» TASK INSTRUCTIONS:
Transcribe each entry exactly as it appears, leaving out any picture it holds.

..........

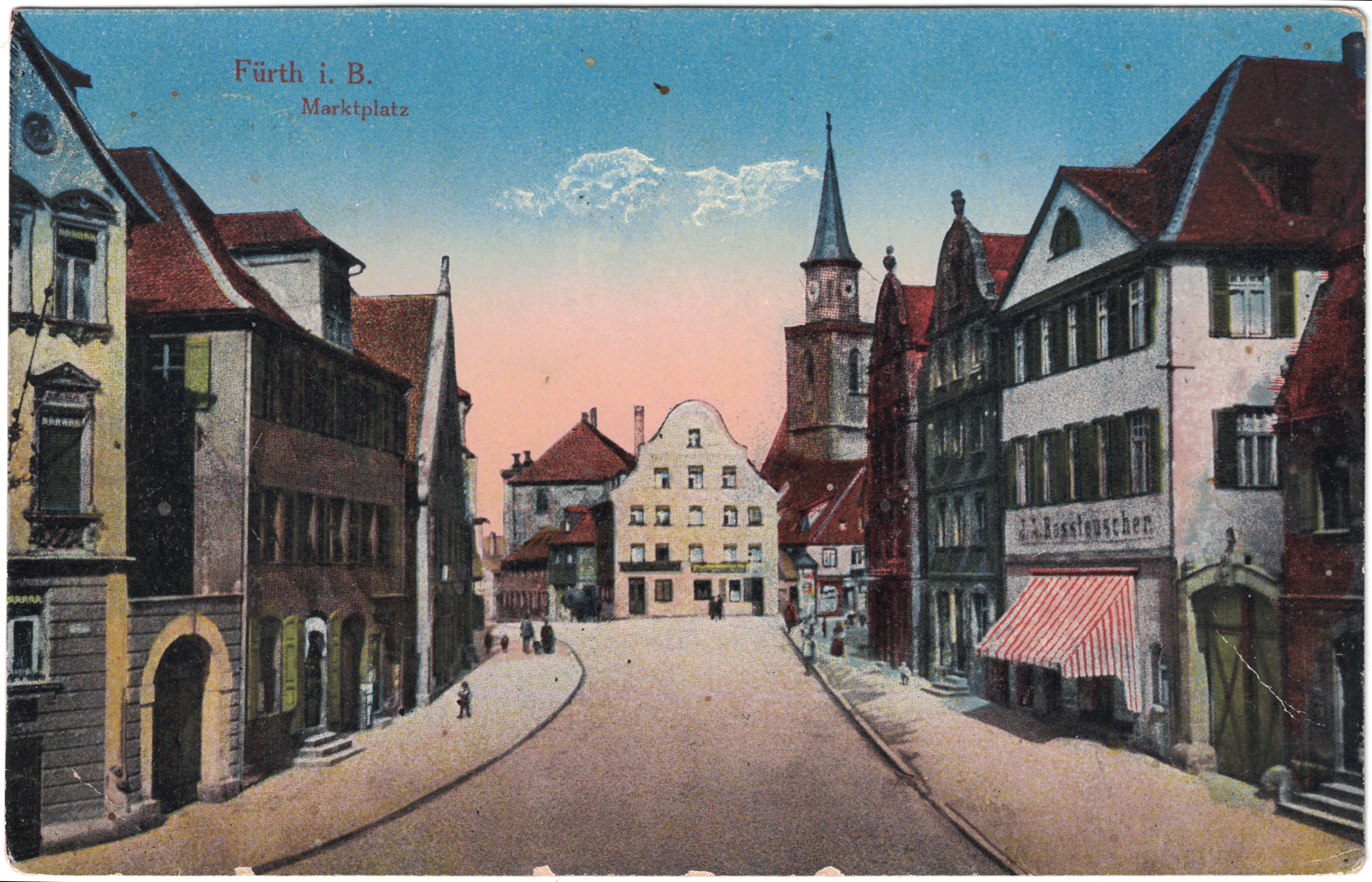 | Dateiinfo (Bild-Unterschrift und Info-Box, automatisch erstellt) | Postkarte "Fürth, Marktplatz", geschrieben und abgestempelt am 18. Juli 1918 (Vorderseite) Lizenz: CC BY-SA 3.0 | ||
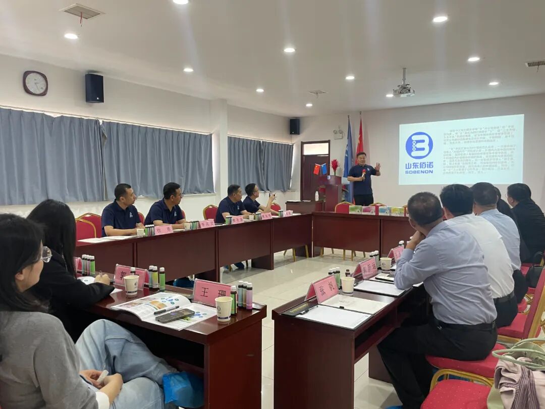 随后,考察团移步公司一期开展专题座谈交流会。座谈会上,樊兆森董事长首先对各位领导专家的到来表示热烈欢迎,并系统介绍了山东佰诺的发展历程、核心产品体系、科研创新成果及未来在大健康全产业链的战略规划。他特别提到,公司始终坚持以科技创新为驱动,以高品质产品服务于全民健康,并期待能与各方在多个层面展开深度合作。
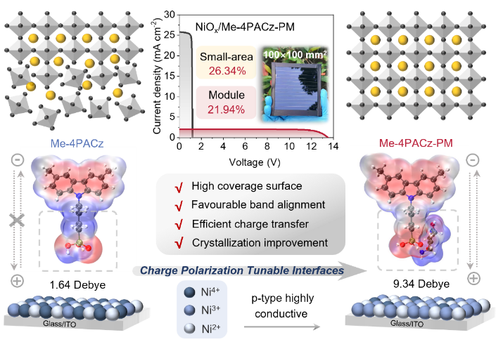 研究团队聚焦于自组装单分子膜(SAM)引发的局域电荷挑战,提出了一种创新的SAM优化策略。通过打破分子对称性,增强分子极化电荷及界面偶极,优化了电荷传输和能带排列。该策略在小面积器件和模组中分别实现了26.34%(认证25.48%)和21.94%(认证20.50%)的卓越能量转换效率,并且未封装的器件在老化1500小时(ISOS-D-1)后仍保持90%的效率。这一成果展现了界面电荷极化调控的广泛适用性,并成功推动了大面积钙钛矿太阳能电池模块的商业化应用,为未来的大规模组件生产提供了重要的指导。
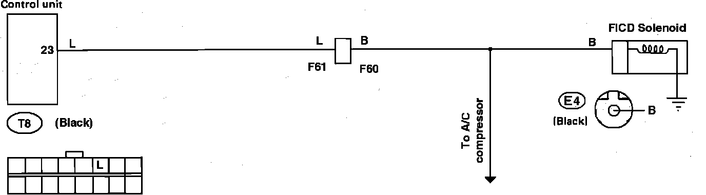 4. Using a voltmeter, confirm that battery voltage exists at the FICD connector E4. If voltage does not exist, check the wiring betwwen the solenoid and the A/C relay.
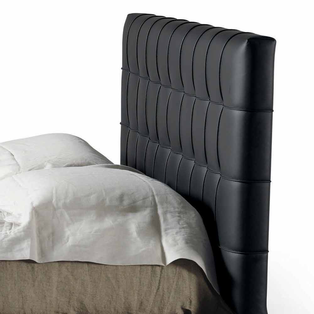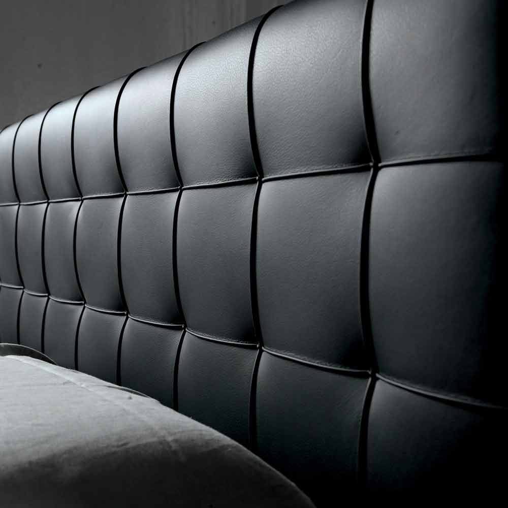 A cabeceira capitonnè, estofada em couro de alta qualidade, realça a sólida estrutura de nogueira da cama, para um resultado estético elegante e evocativo.

..........

» ANSWER:
 | Dateiinfo (Bild-Unterschrift und Info-Box, automatisch erstellt) | Postkarte "Fürth, Marktplatz", geschrieben und abgestempelt am 18. Juli 1918 (Vorderseite) Lizenz: CC BY-SA 3.0 | ||
 随后,考察团移步公司一期开展专题座谈交流会。座谈会上,樊兆森董事长首先对各位领导专家的到来表示热烈欢迎,并系统介绍了山东佰诺的发展历程、核心产品体系、科研创新成果及未来在大健康全产业链的战略规划。他特别提到,公司始终坚持以科技创新为驱动,以高品质产品服务于全民健康,并期待能与各方在多个层面展开深度合作。
 研究团队聚焦于自组装单分子膜(SAM)引发的局域电荷挑战,提出了一种创新的SAM优化策略。通过打破分子对称性,增强分子极化电荷及界面偶极,优化了电荷传输和能带排列。该策略在小面积器件和模组中分别实现了26.34%(认证25.48%)和21.94%(认证20.50%)的卓越能量转换效率,并且未封装的器件在老化1500小时(ISOS-D-1)后仍保持90%的效率。这一成果展现了界面电荷极化调控的广泛适用性,并成功推动了大面积钙钛矿太阳能电池模块的商业化应用,为未来的大规模组件生产提供了重要的指导。
 4. Using a voltmeter, confirm that battery voltage exists at the FICD connector E4. If voltage does not exist, check the wiring betwwen the solenoid and the A/C relay.
 A cabeceira capitonnè, estofada em couro de alta qualidade, realça a sólida estrutura de nogueira da cama, para um resultado estético elegante e evocativo.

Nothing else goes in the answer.